Gleichzeitig konkurrieren verschiedene Gruppen um die begehrten Immobilien. „Der Markt ist hart umkämpft zwischen Kapitalanlegern und Selbstnutzern“, sagt Frank Oetjen von der Hamburger Volksbank. Nach der Studie der PSD Bank Nord steht bei der Generation 45+ der Erwerb einer größeren und schöneren Wohnung im Vordergrund. 71 Prozent von ihnen sehen die Immobilie als Altersvorsorgeobjekt und krisensichere Anlage. „Bei der jüngeren Generation sind dagegen die Familienplanung und die Unabhängigkeit vom Vermieter ausschlag­gebend “, sagt Jurgeit.

Zwei Drittel der Deutschen fürchten Ratenausfälle

Nach dreijähriger Entwicklungsarbeit hat die Hamburger Bank die nach eigener Darstellung flexibelste Baufinanzierung auf den Markt gebracht.

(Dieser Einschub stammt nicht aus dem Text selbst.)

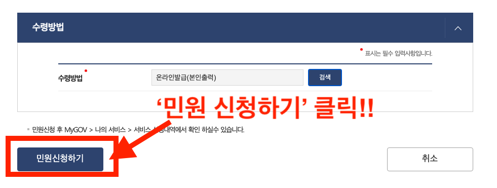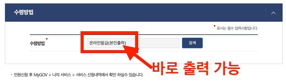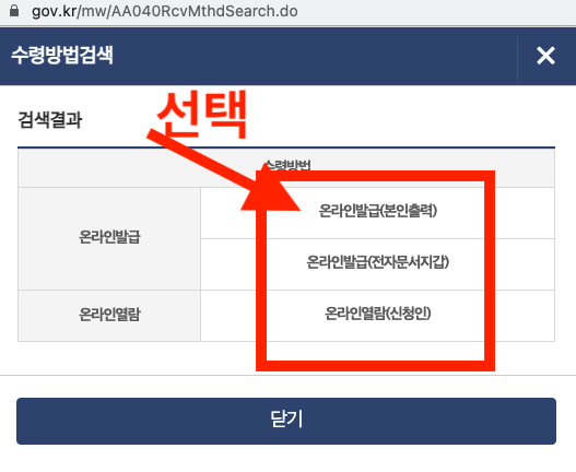 저는 출력하고 사진으로 찍을거라 온라인발급(본인출력)을 선택했지만, 온라인발급(전자문서지갑), 온라인열람(신청인) 등 3가지 중에서 선택할 수 있습니다.

Fast zwei Drittel der Bundesbürger haben wegen möglicher Ausfälle bei den Ratenzahlungen Bedenken, einen Immobilienkredit aufzunehmen. „Wir bieten deshalb als erste Bank jetzt eine Ratenpause an und das bis auf Weiteres ohne Zusatzkosten“, sagt Jurgeit. Während der gesamten Laufzeit kann die Rate sechsmal für je einen Monat ausgesetzt werden. Das kann sinnvoll sein, wenn plötzlich größere Reparaturen anstehen oder zur Entlastung während der Elternzeit. „Bisher können Kunden bei einzelnen Banken nur den Tilgungsanteil ihrer Finanzierung reduzieren, den Zinsanteil der Raten müssen sie aber in jedem Fall bezahlen“, sagt Max Herbst von der FMH-Finanzberatung.

Flexibler wurde bei der PSD Bank Nord auch die Laufzeit der Finanzierung außerhalb der Standards von fünf, zehn oder 15 Jahren. Außerdem können bereits geleistete Regel- und Sonder­tilgungen für Modernisierungen oder Erweiterungen wieder als zusätzlicher Kredit abgerufen werden. Mehr Flexibilität soll auch eine Finanzierungs­reserve von zehn Prozent der Darlehenssumme bringen. „Mit den neuen Bausteinen entsprechen wir dem, was Kunden an Flexibilität erwarten“, sagt Jurgeit. So will er im Geschäft mit Baufinanzierungen wieder auf die Überholspur kommen.

Für die Kreditrate und die Nebenkosten der Immobilie wie Grundsteuer, Heizung, Wasser sollen nicht mehr als 40 Prozent des monatlichen Nettoeinkommens aufgewendet werden, raten Verbraucherschützer.

Die Nebenkosten dürfen nicht unterschätzt werden. Maklerprovision, Grunderwerbssteuer und Notarkosten können sich auf rund zwölf Prozent summieren. Ein Haus für 400.000 Euro kostet so knapp 48.000 Euro mehr.

Die Zinsbindung über zehn Jahre ist jetzt besonders günstig. Doch auch Zinsbindungen über 15 Jahre sollten berücksichtigt werden. Der Zinssatz beträgt zwischen 1,60 und 1,80 Prozent.

Förderkredite mit 0,75 Prozent Zinsen gibt es von der KfW, wenn bestimmte Energiestandards eingehalten werden.